Сколько времени после ареста они держали меня в имитации, накачав этой химией?! Я попытался сосредоточиться на своих воспоминаниях. Что бы ни происходило в виртуальности, всё отпечатывается в памяти, потому что мозг и весь организм продолжают функционировать, не подозревая, что внешняя оболочка может быть обманчивой, подложной, искусственной.

В своё время в погоне за совершенством во владении боевыми искусствами я прибегал к комбинации стимуляторов, принимаемых вовнутрь, и костюмов дополненной реальности. Такое глубокое погружение позволяло без травм и ран приобретать на практике реальный опыт ведения боя и записывать его в мышечную память. Я был исколот кинжалами, ножами и шпагами, изрублен мечами и саблями, продырявлен насквозь копьями и пулями. В настоящей жизни почти каждая из этих ран была бы смертельной либо оставила бы меня инвалидом. В совмещённой с реалистичными ощущениями виртуальной среде этот опыт приобретался с несоизмеримо меньшими жертвами. Конечно же, побочные эффекты влияют и на психическое, и на физическое самочувствие. Стресс от каждого пережитого удара, несовместимого с жизнью, оставляет шрамы в психике, ничто не проходит бесследно. Ну и воздействие психоактивного вещества чревато негативными последствиями для организма в целом.

– Да, Джордж, нам надо было удостовериться, что ты искренен в своём стремлении помочь нам. «Добро пожаловать в реальный мир, Нео», – сказал Мэлмэл.

– Вы проверяли меня?! С какого момента?

– С момента, как мы приступили к реализации твоего же плана по спасению рукописей Теневиля.

– Понятно, то есть я не покидал это помещение. А Вардан и хранилище рукописей – это всё выдумки?

– Нет, Вардан здесь, в одной из соседних комнат. И всё, что он рассказывал, это правда. И про Матенадаран, и про то, что твои предки с острова Мэн.

– И про то, что ты – айну?

– Надо же, ты и это запомнил! Да, я – айну. Но мне об этом сообщили больше года тому назад. Я подыгрывал в эти дни...

– ...чтобы заманить меня сюда?

– Я только подтолкнул тебя. Решение прийти на помощь ты принимал сам. Мы не ожидали, что ты так быстро бросишься в авантюру, придумаешь трюк с туристическим самолётом. Поэтому подозревали, что это не спонтанный порыв, а спланированная спецслужбами засылка агента.

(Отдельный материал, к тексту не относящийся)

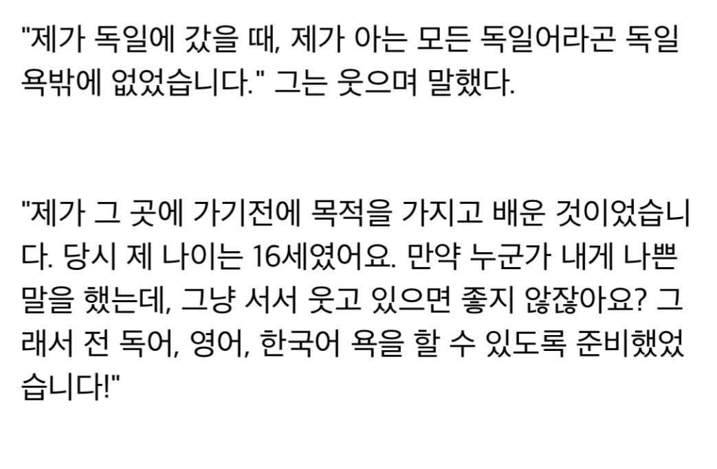 어린 시절 독일에서 상상하지도 못할 인종차별을 겪는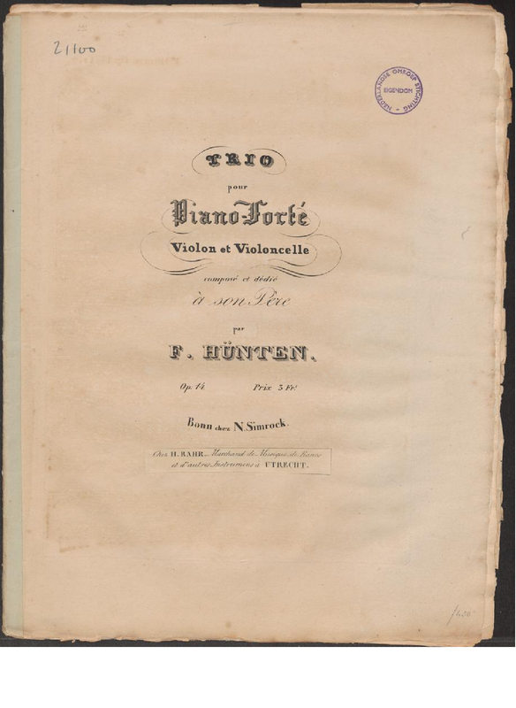at least two more trios followed (Trio no.3, Op.172 pub. in 1850.) Hünten was up to at least Op.32 by 1834, but published in 1834 or earlier.

– Убедились, что я не подставной? – от возмущения мой голос опять стал вибрировать.

– Да, вполне. Ты прости, что тебе пришлось пережить арест и допросы...

– Думаю, что самой большой пыткой для меня были непонятные слова, которыми Лелетке с Варданом забросали меня, – сострил я.

– Ты готов продолжить эту пытку? – подхватил шутку Мэлмэл.

Я присел на койке, облокотившись спиной к стене. Они ждали от меня какой-то инициативы. Я же молча смотрел на них.

– Ты хотел бы знать больше длинных и сложных слов?

– Прежде я бы хотел знать, зачем мне это надо? Пора уже задуматься, во что я оказался втянут.

– В то же благородное дело, о котором рассказывали тебе, когда ты попал сюда. В дело спасения культурного наследия малых народов.

– То есть всё-таки надо вывезти ящик Теневиля?

– Нет, в этом нет необходимости, его рукописи были спасены семь лет тому назад. Но есть много других...

– А с острова Мэн?

– Ишь, как кровь прадедов взыграла! Да ты не волнуйся, почти вся известная литература на мэнском языке сохранена. А вот тебя, трёхногий, ждут новые задания.

– Трёхногий?! – удивился я. Мэлмэл достал из кармана допотопный планшет, произнёс «мэнский трискелион», отчего прозрачный экран окрасился в фоновый красный цвет с необычным рисунком посредине. Вглядевшись, я различил три бегущие человеческие ноги, выходящие из общего центрального кружка. На пятке каждой ноги, затянутой в доспехи, было по шпоре в виде золотой звезды.

– Этот триножник был изображён на гербе и флаге острова Мэн, – пояснил Мэлмэл и продолжил: – Возвращаясь к моему вопросу, ты готов присоединиться к нам, чтобы изучать и сохранять всё, что передалось нам от предков?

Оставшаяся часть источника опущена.